Long-term experiments pull together several motivations for making data accessible. Long-term data is costly to produce, unique and irreplaceable and can be used to address a wide variety of research questions. The types of questions that can be asked from LTE increases if there are opportunities to combine and analyse their data using new methods. For example, Maclaren et al (2022) combined data from 30 LTEs in Africa and Europe to analyse the interactions between different management practices.

In the UK, the Biotechnology and Biological Sciences Research Council data sharing policy, who fund the Rothamsted Long-term experiments, identify the low throughput cumulative long times series data generated by long-term experiments as having an especially strong scientific case for data sharing.

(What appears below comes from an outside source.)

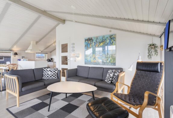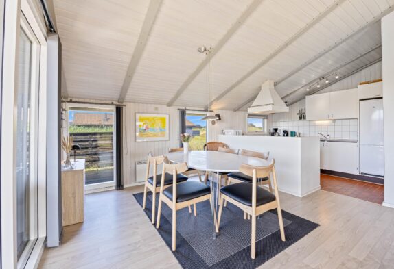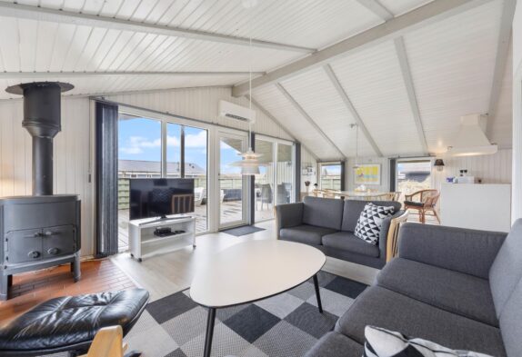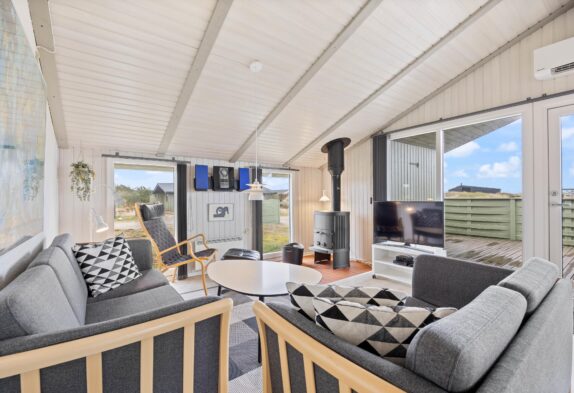 Den hyggelige stue har pæne og komfortable møbler, brændeovn og står i åben forbindelse med køkkenet. Stuen har vinduespartier fra gulv til loft, som skaber et godt lysindfald i rummet. Desuden har sommerhuset en energibesparende varmepumpe, som I kan benytte jer af.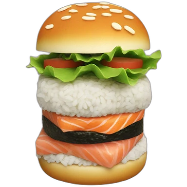 sushi with calamar head inside and burger smashed also inside and also chicken legs also inside emoji

Long-term experiments can directly benefit from sharing data by establishing new collaborations with researchers using the data. In our opinion, it is not necessary for an LTE manager to require co-authorship on every article authored by a researcher using LTE data, however, it is our experience from the Rothamsted LTEs that researchers will often seek support to interpret LTEs from experiment managers and data curators and this naturally leads to co-authorship.

Who uses LTE data

Use the Rothamsted Long-term Experiments Bibliography to see how many different research areas have used the Broadbalk experiment.

  • Agronomy
  • Weed ecology
  • Soil science
  • Soil metagenomics
  • Plant nutrition
  • Nitrogen Use efficiency
  • Crop and soil model development
  • Soil carbon dynamics
  • Atmospheric sciences
  • Disease and disease resistance

LTE data is therefore inherently valuable to a wide research community. By making LTE data openly available, LTE managers can increase the impact of the experiment through data reuse and use this to evidence ongoing impact to funders.

Key Points

  • Open science aims to remove barriers to accessing research outputs.
  • Open data is a key building block of Open Science.
  • There are different motivations for sharing data including.
  • LTE data is inherently valuable with relevance to multiple research areas.